The Monte Carlo run-Part 3

Day 3

My room had this view up on the hillside which we would pass by this morning.

I decided to treat myself to breakfast for a change and scrambled eggs and sausages went down well to start the new day. We removed the bikes from the locked garage, returned the key, and with the route keyed into the GPS, (even though I don’t need it), we set off, stopping first for petrol before climbing out of Briancon and up towards Montgenevre. From here we descend through the tunnels with their long distance views to the downhill bobsleigh run in the distance, and through the town of Oulx and onto the relatively boring road to Susa. Here the pace picks up, the roads narrow, climb, and the fun begins.

There’s little traffic and I’m off, speeding (legally of course) past the odd car that is actually on the road, onwards and upwards towards the spectacular Lac du Mont Cenis, enjoying a relatively free run in the still cool morning temperatures.  We pass a group of riders on their choppers with ape hangar bars and wonder how the hell they can ride in such an awkward position, but their group is well disciplined, move over to let us pass and give a cheery wave.

Down in Lanslebourg we strike East for Bonneval sur Arc and the ascent of the Iseran. At 2770m it’s another biggie in altitude, but today I’m riding it slower than usual and taking time to marvel at the sun shining on the glacier in the distance, and taking pictures of the fabulous scenery that normally I’d just pass through.

At the top Andy is waiting for me before I send him off ahead again, knowing from last year’s ride here he’s much quicker than me on this descent, but also because I don’t want to ride quickly this morning and am enjoying the views.

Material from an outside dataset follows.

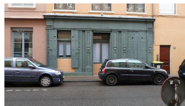
Vue de la devanture en bois

Sure enough Andy’s rate of descent was much faster than mine and I found him parked some kms ahead waiting patiently      ( or maybe not?) for me to appear. We stopped for coffee in Val d’Isere and sat inside the restaurant, taking advantage of the fact they were showing the MotoGP warm up on TV. Not so great watching Cal crashing his brains out though!

Onwards past the barrage at Tignes and it’s giants head mural and down to Bourg St Maurice, where the next couple of novel parts of this ride were to come into play, riding the Cormet de Roselend and Aravis in the opposite direction to that I normally ride them in.

Doesn’t sound like a big deal, but I’ve always ridden these cols in the opposite direction, but today going South to North I’m enjoying the novelty of riding what to all intents and purposes is a new route. The initial climb up from Bourg St Maurice is easier than the descent, and then as the roads open the climb is really good fun. The views are now opening up ahead of us whereas normally I’d be straining to look back over my shoulder to see them. The Lac de Roselend is revealed as a wonderful tapestry as you round the final bend and hillside blocking it’s view, and we slow to admire the beautiful blue waters and fantastic images ahead.

Lunch is at the “usual” restaurant, the service never gets any quicker, but if you’ve got an hour or two to spare this spot is awesome, and always inspires me to take pictures.

 

The descent to Beaufort is as much fun as the ascent, although I nearly collected a Goldwing head on when he decided to overtake a car without spotting I was coming the other way! Next pleasant surprise is the section that climbs towards Hauteluce. In memory it seems I’ve had a few “moments” coming down this stretch of road, and a friend once boiled his brake fluid on his Thunderace, but going up today was a blast and with no issues whatsoever!.

The Col de Saises is still as poorly surfaced as ever, and the dodgy left hand bend over a crest descending is now a dodgy right hand bend ascending. Up and over the Aravis and down towards Bonneville, where a deviation sends us to the motorway, and then towards Geneva and Andy’s house where the ride “proper will end.

Todays stats are only 359kms but 5 hours 40 riding time         

 

I won’t bore to you with the boring details of my seven hour ride back home the next day, because they’re just that, boring, but when I’ve been writing and recalling this tale there are some very strong points that came through loud and clear….

 

It’s always worth making the effort to ride the Alps, they’re special roads, challenging, rewarding, and fun

Riding with a friend is always better than doing it on your own, an experience shared gives memories you can recall together for years

Doing things differently (directional) can be fun, mixing things up can be rewarding, “variety is the spice of life and all that!”

Choosing your destination gives a sense of purpose and maybe even excitement, and is so rewarding when it turns out to be all you hoped from it

A BMW K1300GT is a great bike when it’s running well. A few stalls were the only issues, and when I’m regularly decking out my feet in bends, the front tyre must be working well!

 

So thanks to Andy for his ever enthusiastic company and banter, and maybe we’ll do it again, in the opposite direction (or not?) , another time?